3 Nov 2018

Dunedin alt-poppers Jaggers x Lines on dealing with trauma through dancefloor bangers

From RNZ Music, 2:30 pm on 3 November 2018

Dunedin duo Jagger x Lines make music that has one foot on the dancefloor and the other on a therapist's couch, as heard on their debut Burn Cycle. Singer Eliana Gray covers a lot of serious issues in her lyrics, including her own past trauma - a process which has helped her heal and move on. The pair discussed this and more with Tony Stamp during their last Auckland visit.

Jaggers x Lines

Jaggers x Lines Photo: supplied

Content warning: this story discusses sexual assault.

In 2018 Dunedin has continued to export some of our country's most exciting music. Permutations of Flying Nun-style jangle-pop still exist, but increasingly the city’s output is finding exciting new forms.

Jaggers x Lines, a duo consisting of vocalist Eliana Gray and producer Morgan Smillie, make music that doesn't have a clear equivalent. Nineties trip-hop is a touchstone, but the sound is more expansive than that, and clearly the duo's own.

"Labelling ourselves 'trip-hop' made me uncomfortable," Eliana tells me.

"As a white person I didn’t feel that hip-hop was my space to take up. And I didn’t think that’s what we were making and I wanted to make that distinction."

So 'alt-pop' is the descriptor. But talking to Morgan it becomes clear where the influence comes from.

"In the nineties I was listening to [British trip-hop label] Ninja Tune. That’s when I started making music, so I guess it kind of sticks."

There's an interesting tension at the heart of the songs on Jaggers x Lines' debut album Burn Cycle. Eliana has said in the past that she's "all about getting people to dance and have a fun time", and the music is clearly geared that way. But listen closer and you’ll hear some serious topics being discussed.

Alcoholism, OCD, and mental illness all get a mention, and Eliana is clear that the main engine driving her lyrics is her experience as a survivor of sexual assault.

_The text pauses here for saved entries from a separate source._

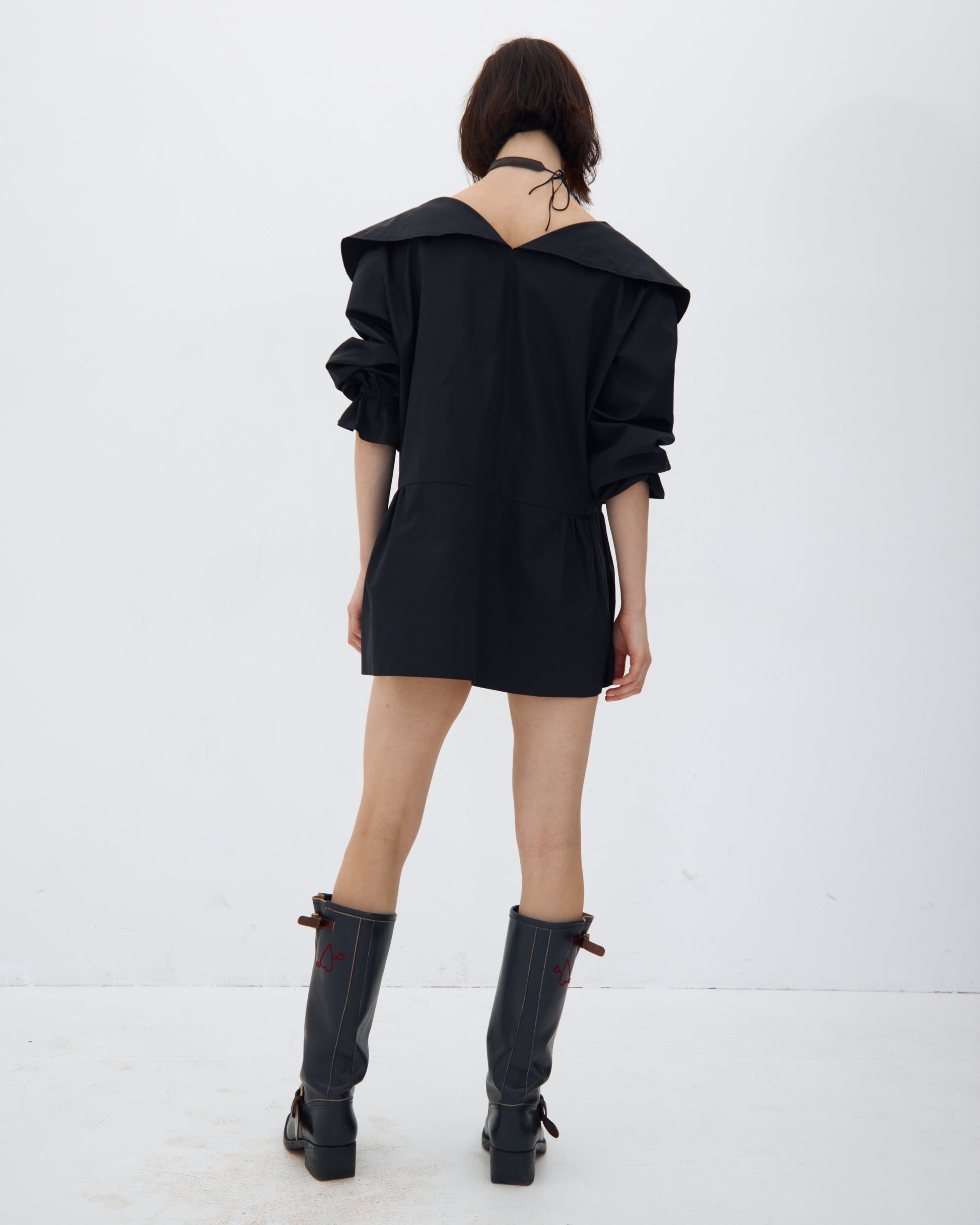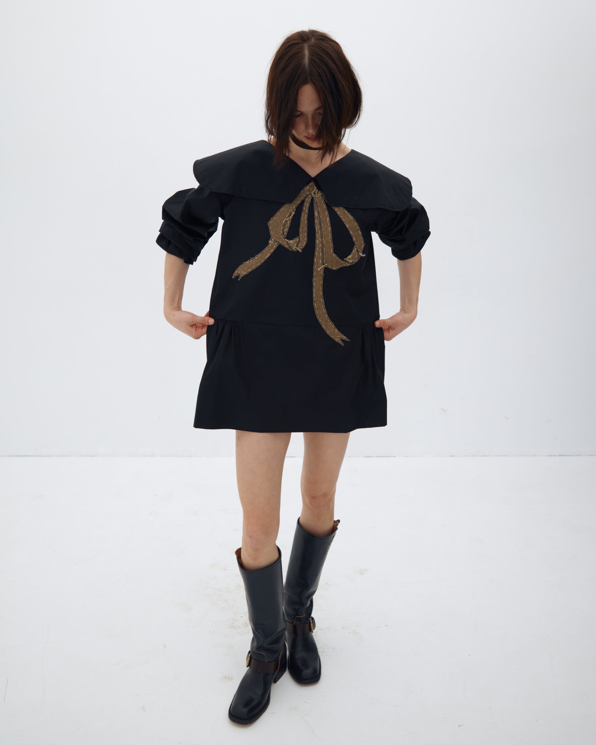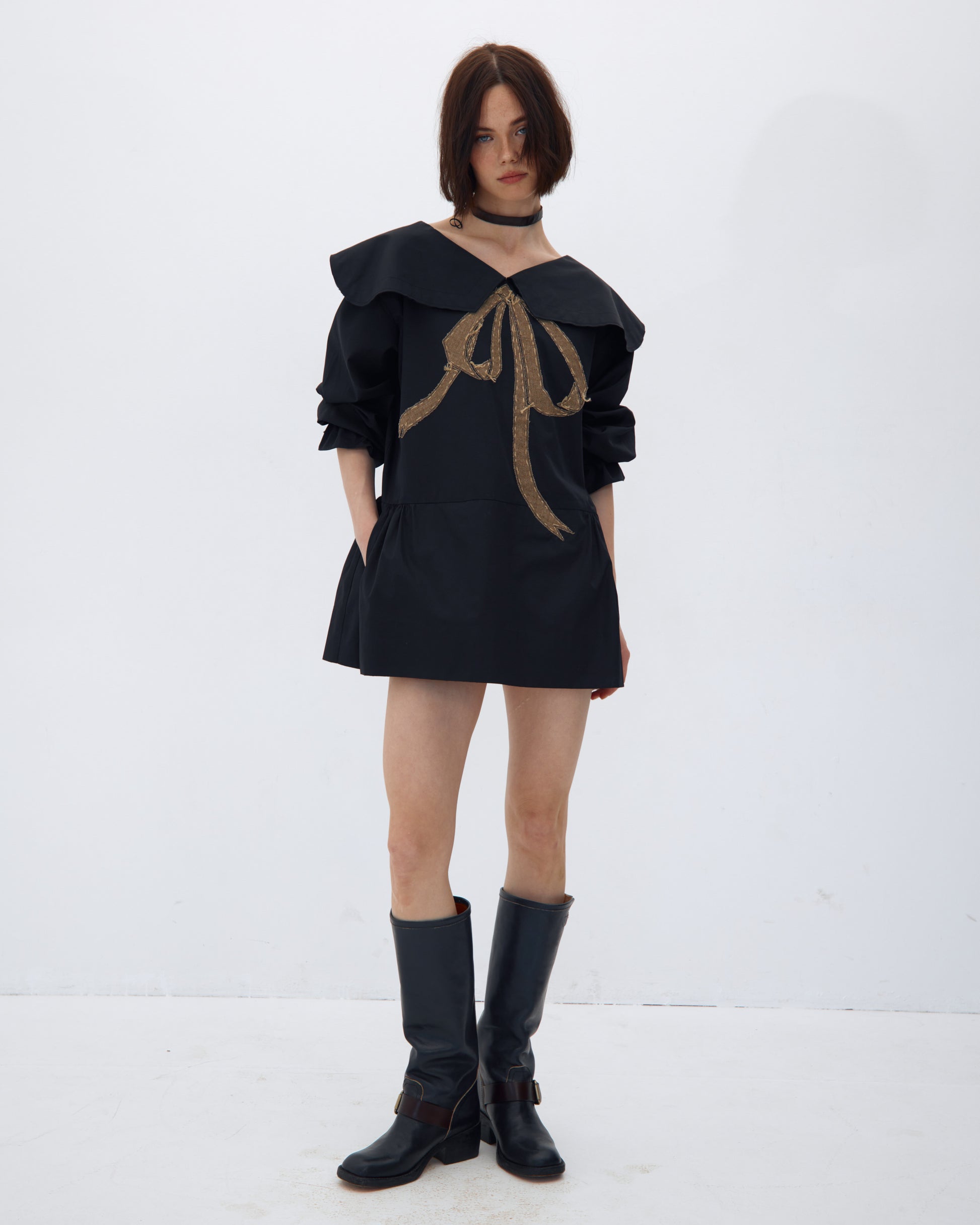КОТОНОВА СУКНЯ В СТИЛІ BABYDOLL З ШИРОКИМ ВІДКЛАДНИМ КОМІРОМ І ДОВГИМИ РУКАВАМИ НА РЕЗИНЦІ. ОЗДОБЛЕНА ДЕКОРАТИВНИМ БАНТОМ У ТЕХНІЦІ АПЛІКАЦІЇ. ДОВЖИНА — МІНІ.
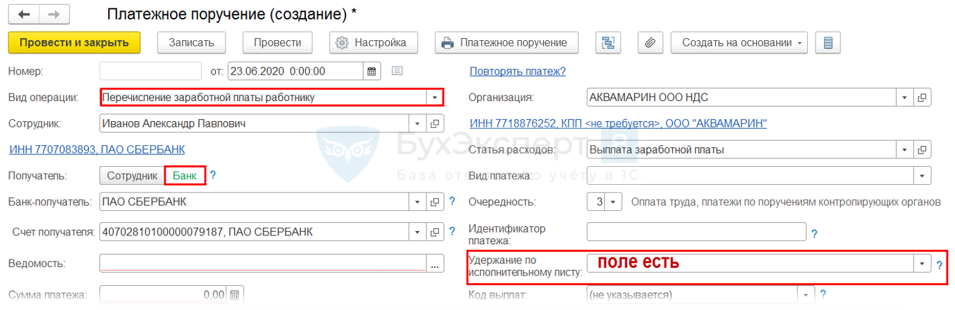 Платежка Перечисление ЗП работнику, Получатель банк. Нет поля Удержание по исполнительному листу:
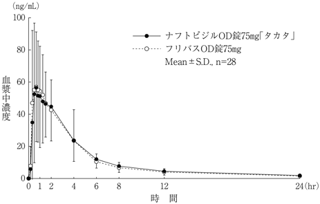 ナフトピジルOD錠75mg「タカタ」とフリバスOD錠75mgをクロスオーバー法により、健康成人男子28名にそれぞれ1錠(ナフトピジルとして75mg)を空腹時に水で単回経口投与し、投与前、投与後0.17、0.33、0.5、0.67、0.83、1、1.25、1.5、2、4、6、8、12及び24時間に前腕静脈から採血した。LC/MS/MSにより測定したナフトピジルの血漿中濃度の推移及びパラメータは次のとおりであり、統計解析にて90%信頼区間を求めた結果、判定パラメータの対数値の平均値の差はlog(0.80)~log(1.25)の範囲にあり、両剤の生物学的同等性が確認された2)。
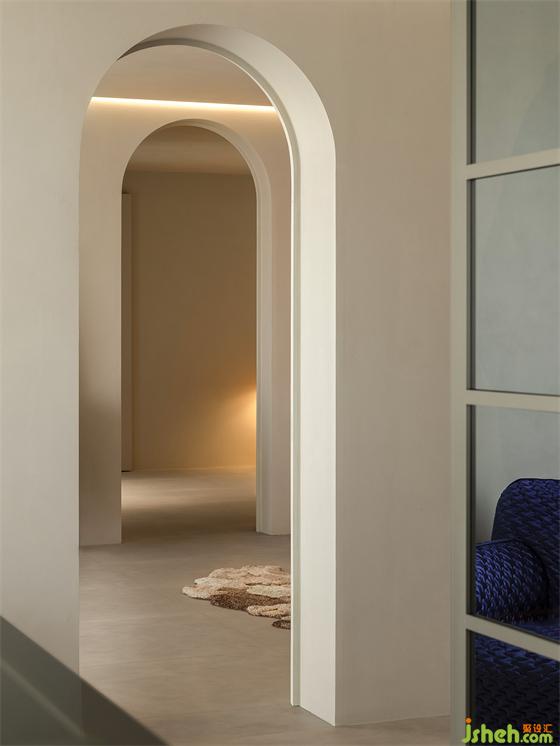 溫柔的大地色和弧線屬于年輕的家庭成員,從臥室到衛(wèi)生間再到畫室,拱形門洞和大尺度的推拉門使這幾個(gè)區(qū)域可以彼此連通自成一方天地,而氣流和陽光也會(huì)因此流動(dòng)起來。
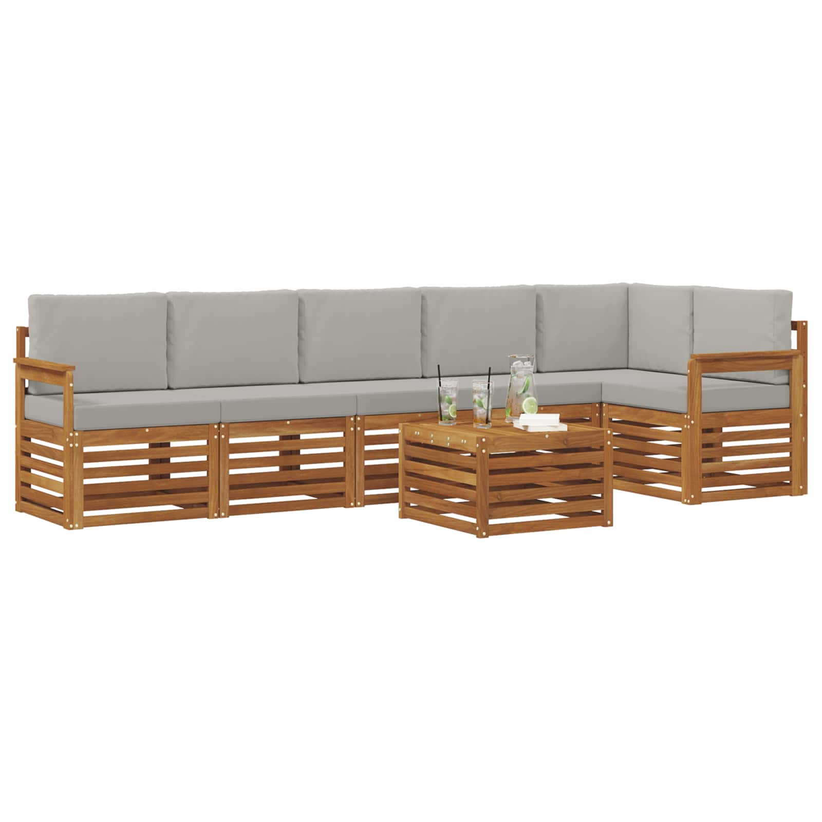 Setul nostru de canapele secționale pentru exterior, din lemn masiv de acacia, combină stilul cu rezistența, fiind ideal pentru grădini, terase sau lângă piscină. Cu un design modern și chic, aceste piese oferă o aranjare modulară versatilă care se potrivește oricărui spațiu și ocazie. Creează o atmosferă relaxantă și plăcută cu nuanțele sale de maro, ce se integrează perfect în natură, fie că e vorba de o după-amiază leneșă sau o întâlnire veselă.
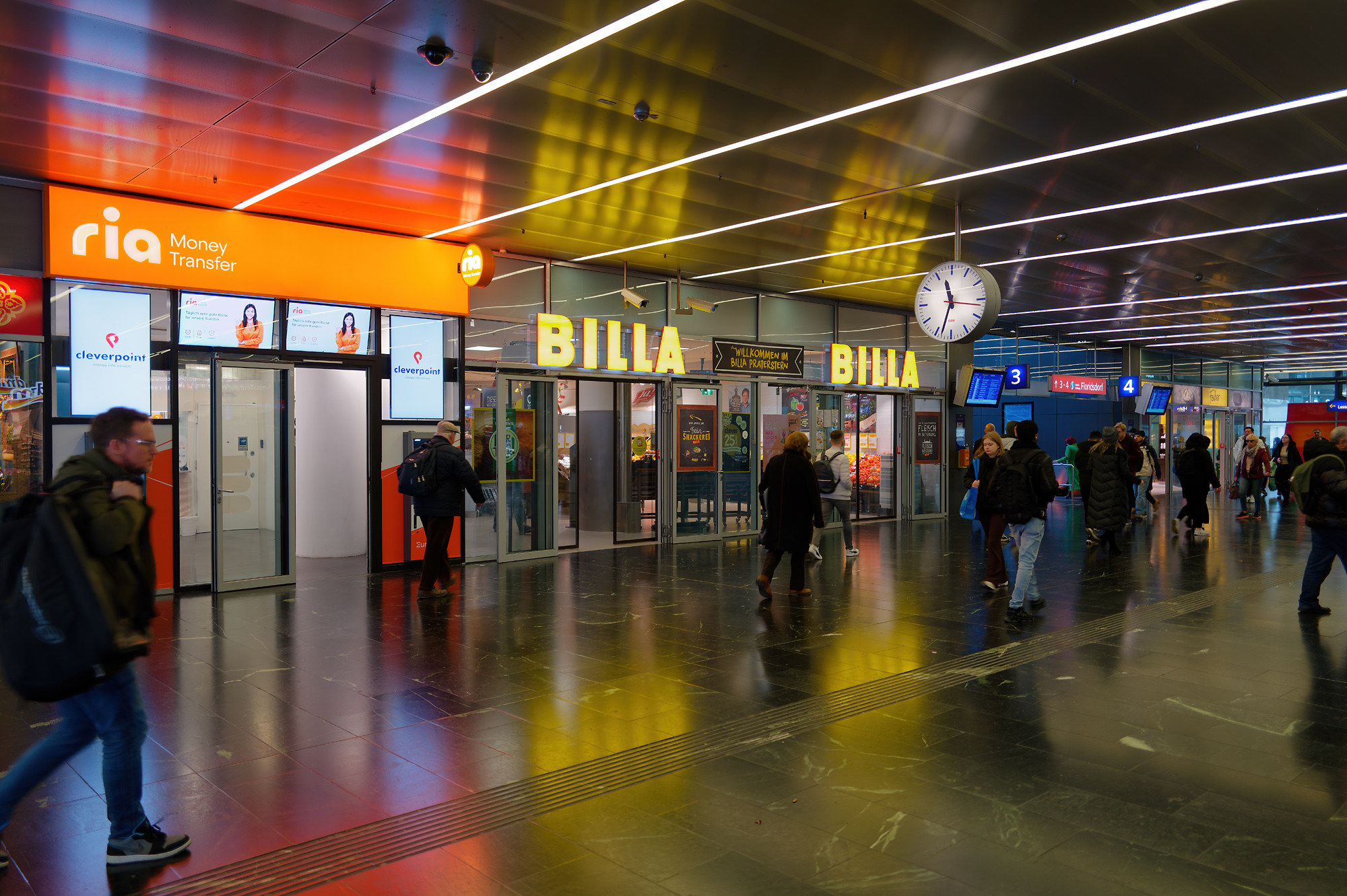 On the left, there is a "money shop" -- which was Western Union up until last week! Billa is a supermarket selling mainly food and drink (including alcohol). This Billa is one of the few shops in Vienna to open on Sundays. Unseen there are also a bread shop, a florist and a tobacconist.
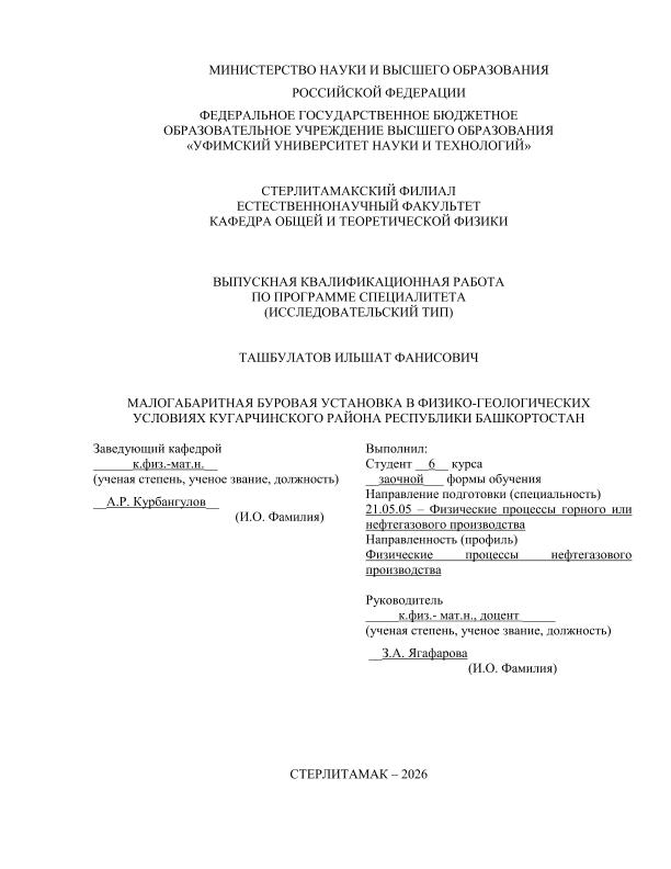 Физика; специалитет; ВКР; малогабаритная буровая установка
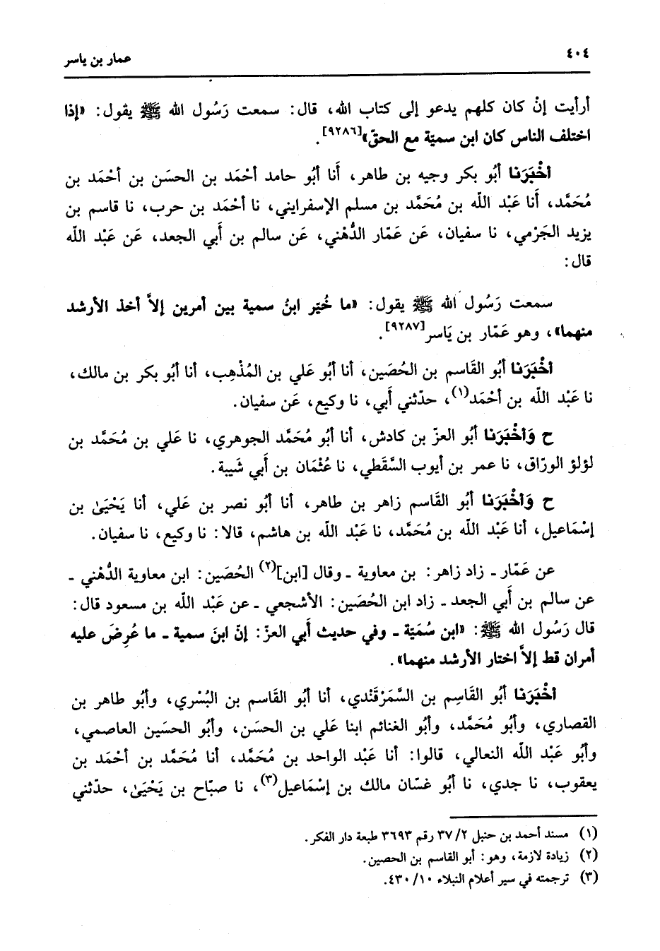 [9287] أخبرنا أبو القاسم بن الحصين أنا أبو علي بن المذهب أنا أبو بكر بن مالك نا عبد الله بن أحمد (1) حدثني أبي نا وكيع عن سفيان ح وأخبرنا أبو العز بن كادش أنا أبو محمد الجوهري نا علي بن محمد بن لؤلؤ الوراق نا عمر بن أيوب السقطي نا عثمان بن أبي شيبة ح وأخبرنا أبو القاسم زاهر بن طاهر أنا أبو نصر بن علي أنا يحيى بن إسماعيل أنا عبد الله بن محمد نا عبد الله بن هاشم قالا نا وكيع نا سفيان عن عمار زاد زاهر بن معاوية وقال ابن (2) الحصين ابن معاوية الدهني عن سالم بن أبي الجعد زاد ابن الحصين الأشجعي عن عبد الله بن مسعود قال قال رسول الله (صلى الله عليه وسلم) ابن سمية وفي حديث أبي العز إن ابن سمية ما عرض عليه أمران قط إلا اختار الأرشد منهما أخبرنا أبو القاسم بن السمرقندي أنا أبو القاسم بن البسري وأبو طاهر بن القصاري وأبو محمد وأبو الغنائم ابنا علي بن الحسن وأبو الحسين العاصمي وأبو عبد الله النعالي قالوا أنا عبد الواحد بن محمد أنا محمد بن أحمد بن يعقوب نا جدي نا أبو غسان مالك بن إسماعيل (3) نا صباح بن يحيى حدثني
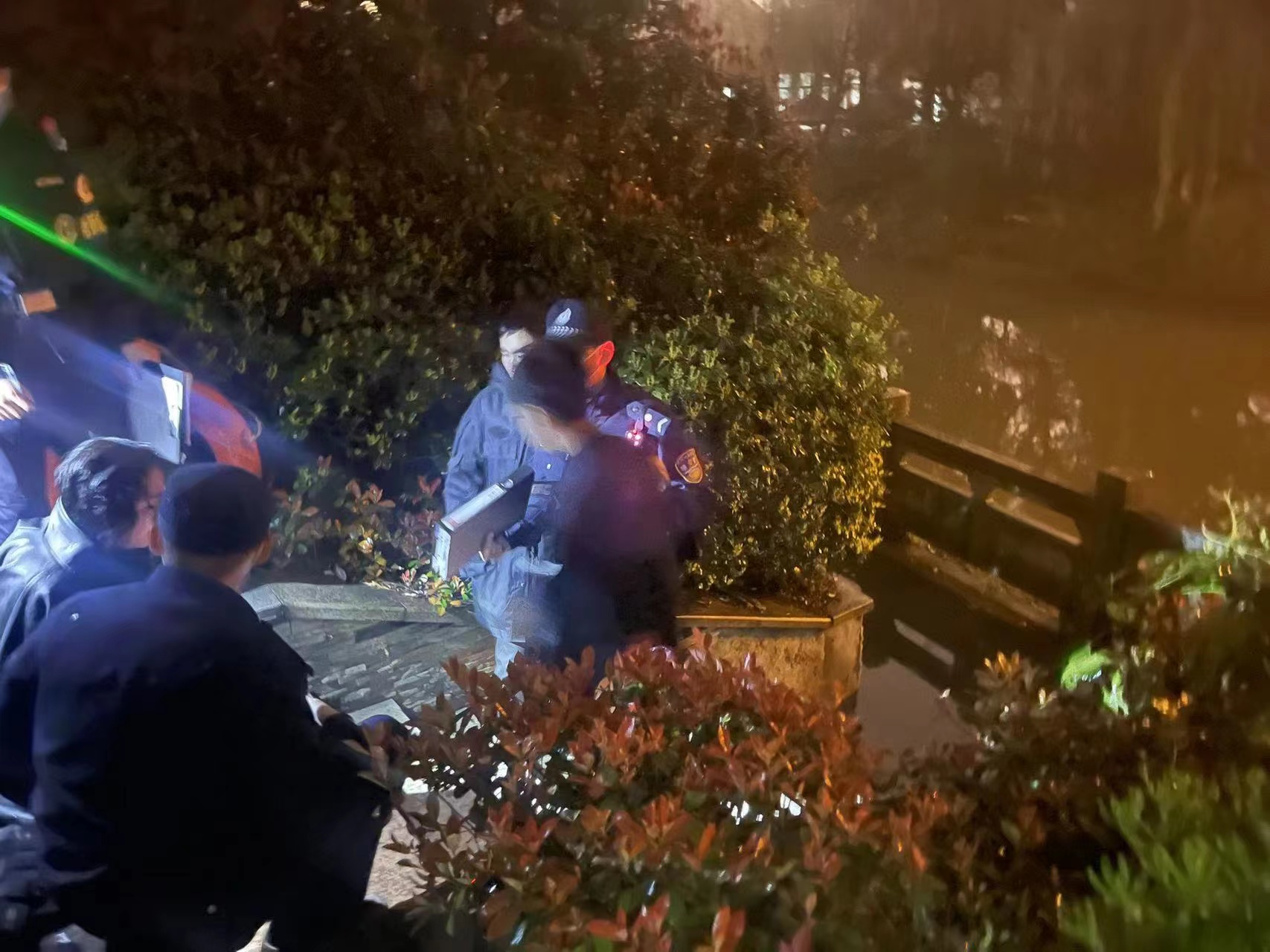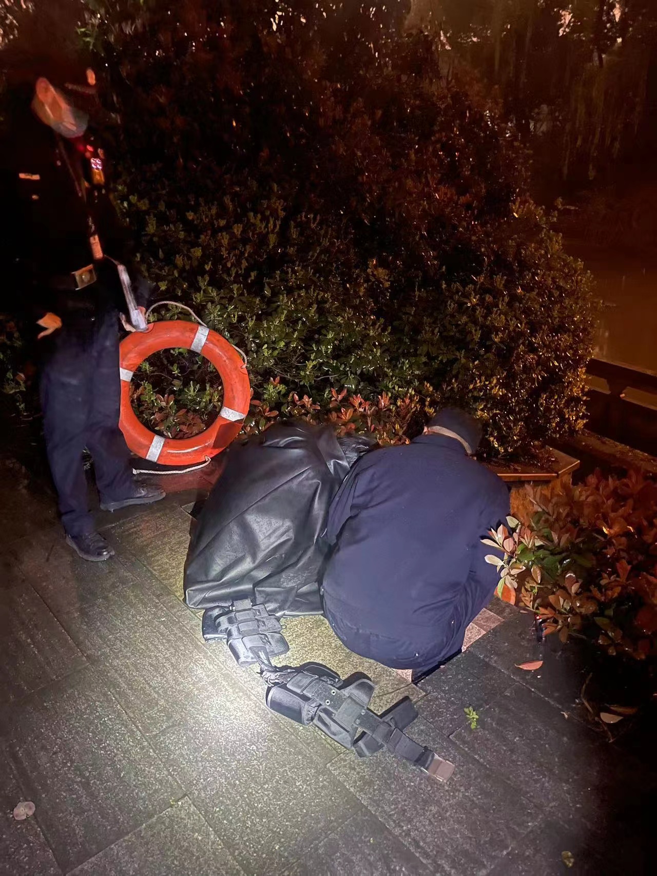当日00:52,公司员工侯世豪和新城派出所辅警刘军巡逻时接到派出所值班室指令,称吴家门1号附近有女子跳河轻生,请立即前往救助。两人快速赶到现场,在热心市民的指引下来到河边,此时的女子大半个身体浸在水中,两只手扒在河边的杂草上,显然快要体力不支了。

"There’s a lot of power in taking experiences that have been really painful and traumatic for me, and turning them into something that is not only empowering and nourishing for me on a personal level, but makes people get happy and smile.

"That’s a reclamation. That’s me taking my power back from those experiences.

"I was still carrying a lot of pain with me. My therapist and I had talked about a ceremony that would help let the pain go, and then I realised that’s what this album is."

Jaggers x Lines first EP Letters was explicitly about sexual assault, but Burn Cycle, says Eliana, is "partly about the raw pain of that, but mostly it's more inwardly focussed on how I feel about healing. About my own resilience".

"And the songs we’ve written but haven’t released yet aren’t about trauma at all. It just naturally happened. Even in my poetry I’ve started writing about stuff that isn’t mental illness, or is from a more hopeful angle.

"Looking back, I can see it as a very clear progression.”